Exercise aim: The records that follow are to be transcribed in full, without their images.

----- Recorded information

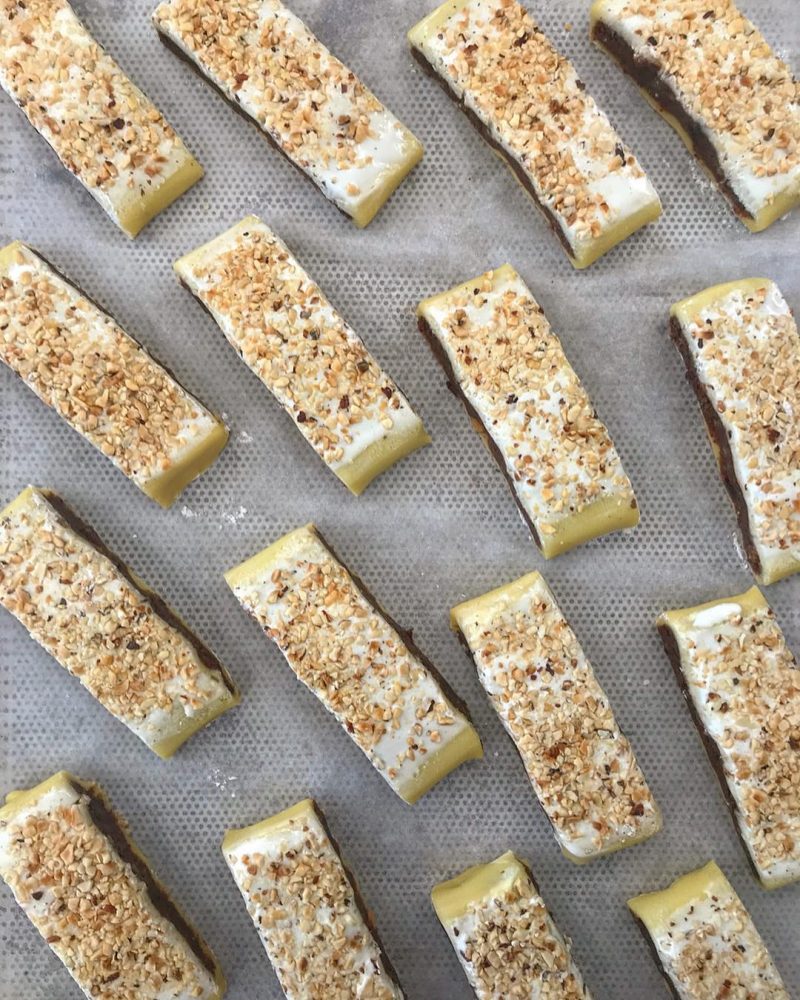 In una ciotolina amalgamare l’albume d’uovo, lo zucchero a velo ed il caramello e poi colare una parte della glassa al centro del dolce. Con un coltello tagliare in varie porzioni il più possibili uniformi e di tipo rettangolare. Cottura in forno preriscaldato a 180 gradi per circa mezz’ora.
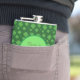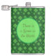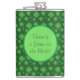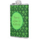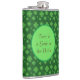 Texte drôle et quatre feuilles de trèfle vertes chanceuses sur un fond vert Flask. Texte Génie dans la bouteille peut être personnalisé.
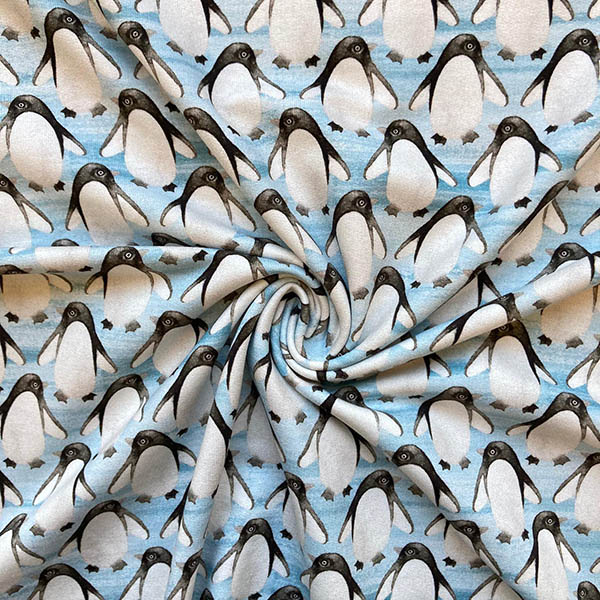 Hochwertiger dünner French Terry/Sommersweat von HILCO in hellblau gemustert mit kleinen Pinguinen.
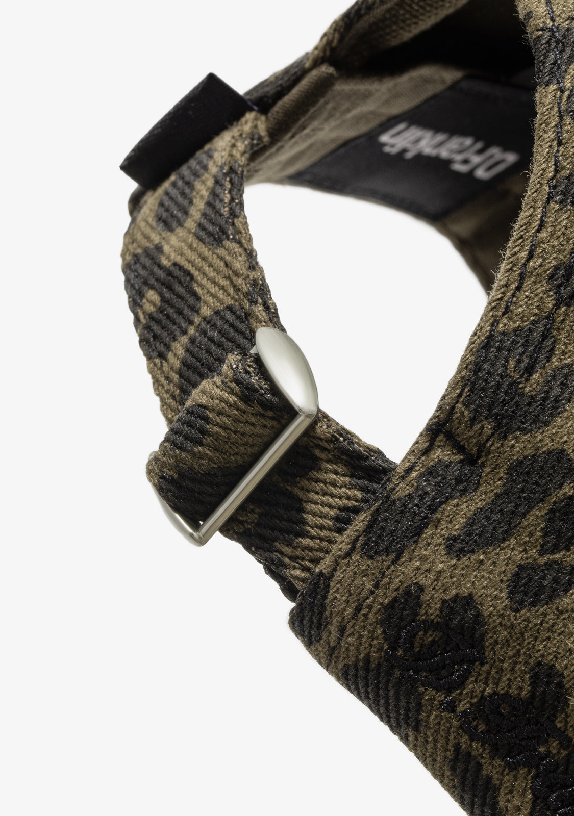 The chenille patch on the visor with a leopard design adds a unique style. The metal piece at the back allows for an adjustable fit, while the inside woven label adds a final touch of distinction.
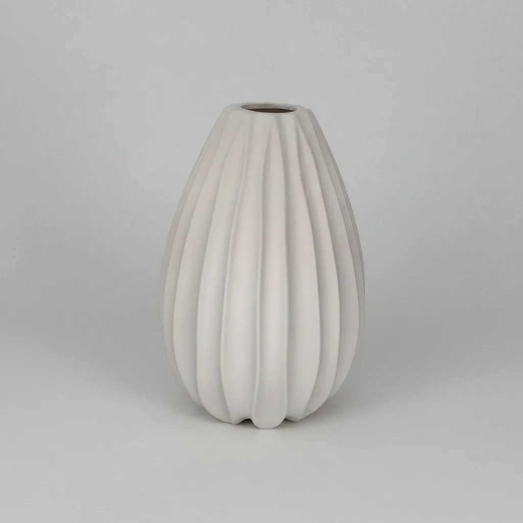 Vaso em cerâmica com acabamento branco fosco, design moderno, ideal para decoração de ambientes contemporâneos.
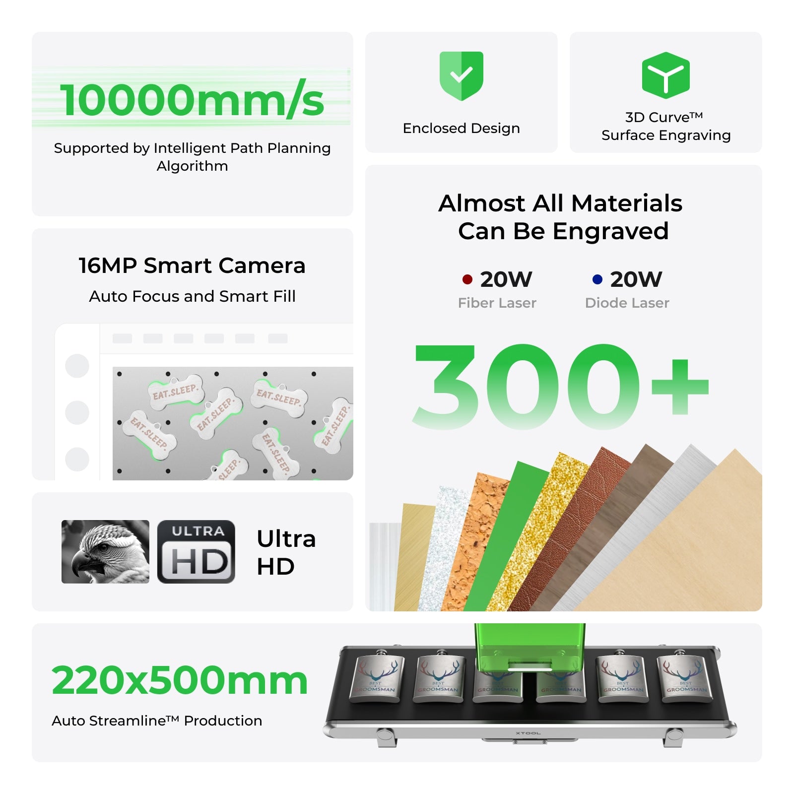 “Setting the materials to your desired engraving / cutting effect can be time consuming. xTool arranged 21 people in 6 months to test 400+ materials and build the world's first material setting library. Now, users can set a specific material through a click of the desired effect on the photo. ”

----------

Result:
 In una ciotolina amalgamare l’albume d’uovo, lo zucchero a velo ed il caramello e poi colare una parte della glassa al centro del dolce. Con un coltello tagliare in varie porzioni il più possibili uniformi e di tipo rettangolare. Cottura in forno preriscaldato a 180 gradi per circa mezz’ora.
 Texte drôle et quatre feuilles de trèfle vertes chanceuses sur un fond vert Flask. Texte Génie dans la bouteille peut être personnalisé.
 Hochwertiger dünner French Terry/Sommersweat von HILCO in hellblau gemustert mit kleinen Pinguinen.
 The chenille patch on the visor with a leopard design adds a unique style. The metal piece at the back allows for an adjustable fit, while the inside woven label adds a final touch of distinction.
 Vaso em cerâmica com acabamento branco fosco, design moderno, ideal para decoração de ambientes contemporâneos.
 “Setting the materials to your desired engraving / cutting effect can be time consuming. xTool arranged 21 people in 6 months to test 400+ materials and build the world's first material setting library. Now, users can set a specific material through a click of the desired effect on the photo. ”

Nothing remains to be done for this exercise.